Однако в то время, как Асе было позволено брать бумагу для рисования, Марине было отказано в бумаге для письма. «Все мое детство, все дошкольные годы, вся жизнь до семилетнего возраста, все младенчество — было одним тотальным криком о листке белой бумаги. Подавленным криком». Но не только в бумаге было отказано. Дом Цветаевых был полон запретов. «Мать никогда ничего не запрещала словами; глазами — все». Больше всего ранили Марину предписания матери насчет неумеренности: в еде, в питье, в чтении, в эмоциях.

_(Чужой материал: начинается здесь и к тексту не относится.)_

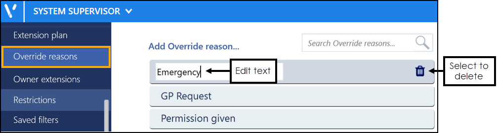 - Select the override reason you wish to edit or delete and then either:

«Не давали потому, что очень хотелось. Как колбасы, на которую стоило нам только взглянуть, чтобы заведомо не получить. Права на просьбу в нашем доме не было. Даже на просьбу глаз. Никогда не забуду, впрочем, единственного — потому и не забыла! — небывалого случая просьбы моей четырехлетней сестры — матери, печатными буквами во весь лист рисовальной тетради (рисовать дозволялось): «Мама, сухих плодов пожалиста!» — просьбы, безмолвно подсунутой ей под дверь запертого кабинета».

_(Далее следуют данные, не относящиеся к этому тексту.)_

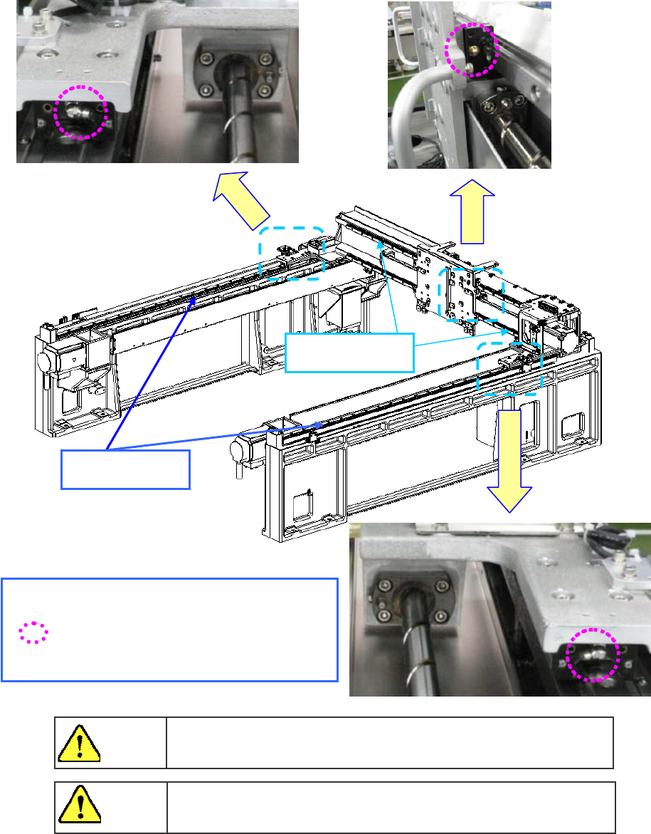 第 1 部 基本編 第 3 章 维护 <XL 基板规格 > ※注油位置 圆圈部位 LM 导轨 注油孔 Y轴直动单元 X轴直动单元 危 险 为防止突然起动造成事故,请切断电源后进行维护作业。 注 意 LM 导轨和滚珠丝杠的黄油是不同的。请不要混合使用。 4-31

К их удивлению, мать уступила и «плоды» дала. «И дала не только просительнице (любимице, Nes-thackchen), но всем: нелюбимице-мне и лодырю-брату».
Такими были воспоминания Цветаевой в 30-х годах. Но гораздо раньше, в возрасте двадцати двух лет, она уловила напряженность материнской натуры: «Ее мятущаяся душа жила в нас, только мы демонстрируем то, что она скрывала: ее мятеж, ее страсть, ее тоска стали криком внутри нас». В своих «Воспоминаниях» Ася говорит о другой попытке «мятежа». На прогулке с отцом она попросила его купить книгу с картинками, зная, что ее просьба неожиданна. Возвратясь домой смеющаяся и счастливая, с желанной книгой, она столкнулась с матерью, которая одним взглядом обратила ее счастье в стыд. Марина присоединилась к сторонникам неповиновения. «Глаза ее, — пишет Ася, — были чуть суженными в невыразимом презрении». Презрение — это было одно из самых излюбленных орудий матери, и Марина научилась у нее им пользоваться против других так же хорошо, как против себя самой. Когда Марине было семь лет, она осмелилась спросить: «Мама, что такое Наполеон?» «Ты не знаешь, что такое Наполеон?» — спросила мать. «Нет, мне никто не сказал», — ответила Марина. «Да ведь это же в воздухе носится!» — воскликнула мать, отказавшись удостоить ее ответом на вопрос. Девочка осталась в недоумении, что же такое «в воздухе носится», чувствуя себя глупой и опозоренной.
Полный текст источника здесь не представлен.